His bus hit a truck pulling back onto the turnpike in Chester County. No one else was seriously hurt.

High school students on their way to a band competition at the Jersey Shore were jolted awake early yesterday when their charter bus plowed into a tractor-trailer on the Pennsylvania Turnpike in Chester County. The crash critically injured the bus driver, but most passengers had only scrapes, bumps or a bloody nose.

The bus, which was taking students and chaperones from Elizabeth Forward High School outside Pittsburgh to the Tournament of Bands Weekend in Wildwood, ran into the rear of the tractor-trailer shortly after 4:30 a.m. in Wallace Township, state police said.

Dozens of students were slightly injured, and one had a broken arm.

The tractor-trailer had been parked in a pull-off area and was pulling back onto the turnpike at 40 m.p.h. when hit by the bus, which was going 60, police said.

Upon impact, the vehicles traveled 400 feet together before stopping in the right lane.

The front of the bus was obliterated, according to video shot from a TV news helicopter.

The bus driver, Timothy Berkshire, 49, of Masontown, Pa., was flown to Lancaster General Hospital in critical condition.

The trucker, Willie Ruff, 58, of Brownsville, Pa., was not injured.

State police had not determined whether either driver would be cited.

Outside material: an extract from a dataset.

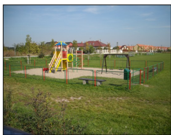
Dětské hřiště na fotbalovém hřišti
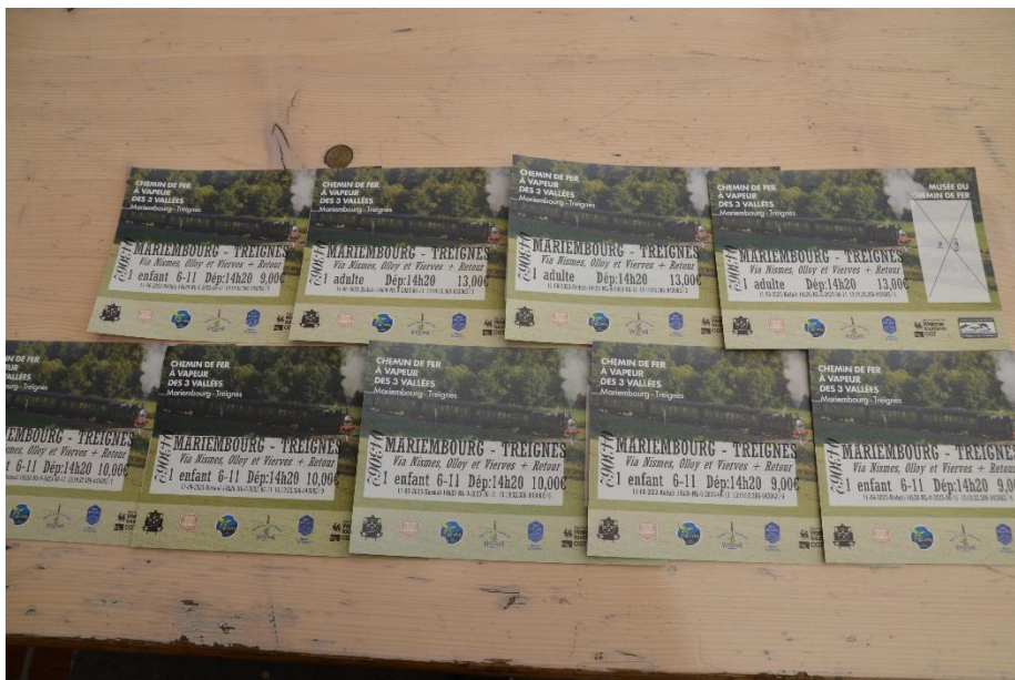
De kaartjes lagen klaar

The turnpike was closed for hours in both directions so emergency vehicles could arrive and helicopters could land.

After receiving treatment, students spent the day expressing concern about the bus driver, taking hospital tours, dozing, and fighting off boredom while they waited for parents or a second bus from T.A. Nelson Bus Lines to pick them up.

"You know it's a bad day for a high school kid when they're sitting there and they say, 'Boy, I wish I was in chemistry class,' " said Mike Jupina, a spokesman for St. Joseph Medical Center in Reading, which treated and discharged 12 students and three adults.

The bus, which had left the Pittsburgh suburb of Elizabeth shortly after midnight, was about 270 miles into its 385-mile trip when it crashed.

It carried 29 students, band director David Cornelius, three other staff members, and seven parents.

The tournament was to start last night and run through Sunday.

Everyone on the trip - except Cornelius, who was expected to be released from a hospital today - was headed home by late yesterday afternoon, school district spokeswoman Jane Milner said.